The knock-out itself came in the third round, after slightly more than two minutes of action. The end came when Alvarez delivered a single, big right hand that caught Kirkland on the jaw and left him flat on his back after spinning to the canvas.Alvarez was clearly the big star heading into the fight. The fight was telecast by HBO for free just one week after the controversial and disappointing Floyd Mayweather Jr. and Manny Pacquiao fight, and Alvarez was under pressure to deliver the type of finish that people were going to talk about. Kirkland was happy to oblige Alvarez, taking it right to Alvarez from the start. Kirkland’s aggression saw him appear to land blows that troubled the young Mexican in the early going. Alvarez played good defense, and he floored Kirkland in the first round, displaying his power and his technique in knocking down an aggressive opponent.
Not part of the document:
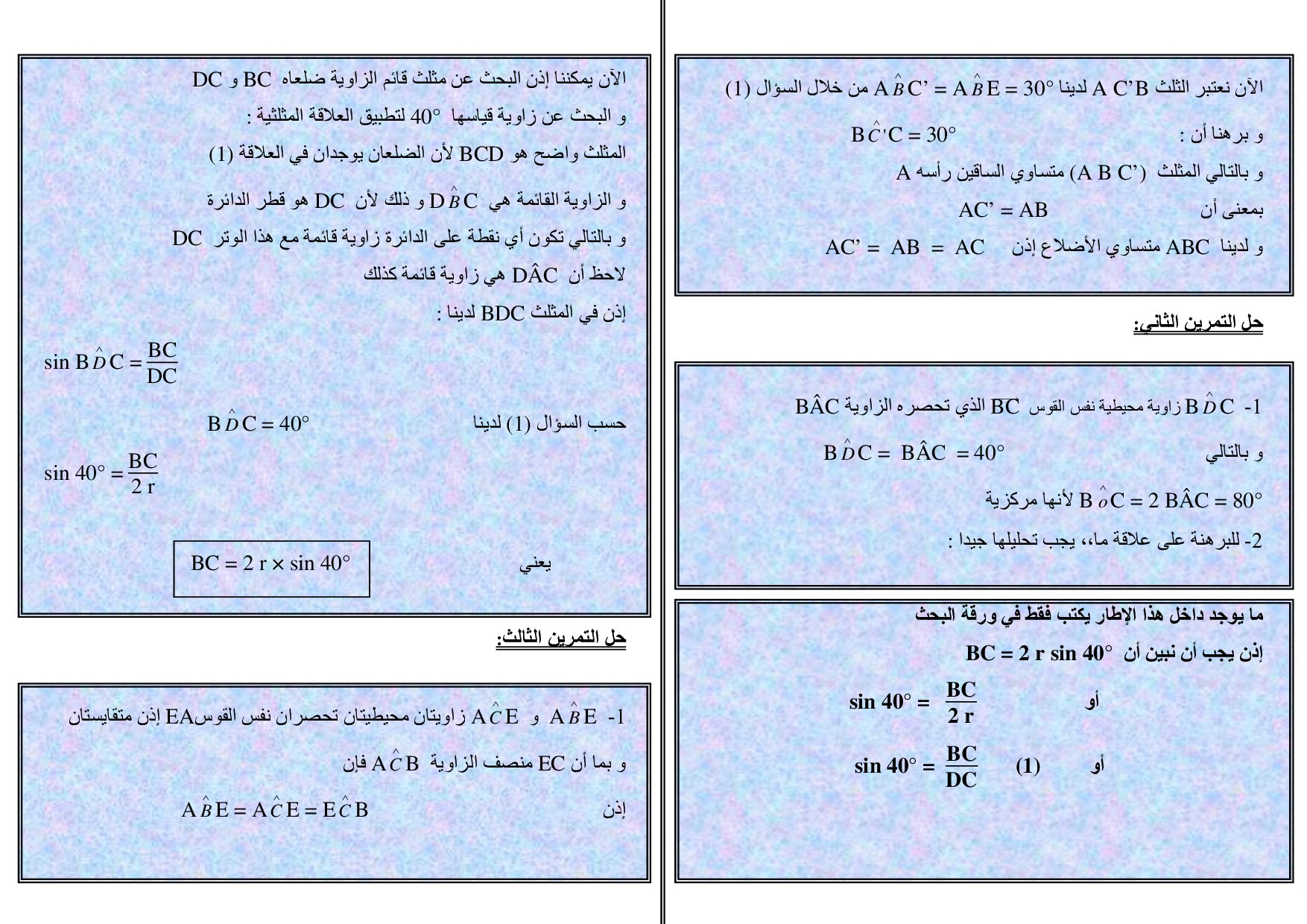 الزوايا المركزية والزوايا المحيطية في دائرة - تصحيح سلسلة التمارين 3

However, Kirkland kept coming at Alvarez and the fight entered the third round with both men working hard and the feeling that the fight would not go the distance. Kirkland continued to move forward, keeping “Canelo” against the ropes and scoring points with a barrage of punches while looking for an opening.

At around the two minute mark, Alvarez landed an uppercut that sent Kirkland to the canvas again. Kirkland got up, but it was clear that he did not have his legs under him. Kirkland was going to try to survive the round, but Alvarez had an opportunity to close out the fight. The question was would he take it?

Alvarez closed in on Kirkland, putting his opponent’s back to the ropes. Kirkland was hurt, but he was still dangerous, pawing with punches and loading up for one big shot.

But it was the big shot “Canelo” threw that ended the night. Kirkland never saw it coming, as he was loading up with a huge right hand of his own. The right Alvarez threw cracked Kirkland in the jaw, and his eyes went blank. His big right hand whizzed harmlessly over the head of a ducking Alvarez, providing the momentum for the spin that left Kirkland prone on the canvas.

Saul “Canelo” Alvarez went on to defeat Miguel Cotto in his second fight of 2015 and he is clearly one of boxing’s biggest stars heading into 2016. On May 9th Alvarez added another reel to his highlight film when he knocked out James Kirkland with the 2015 “Knock Out of the Year”.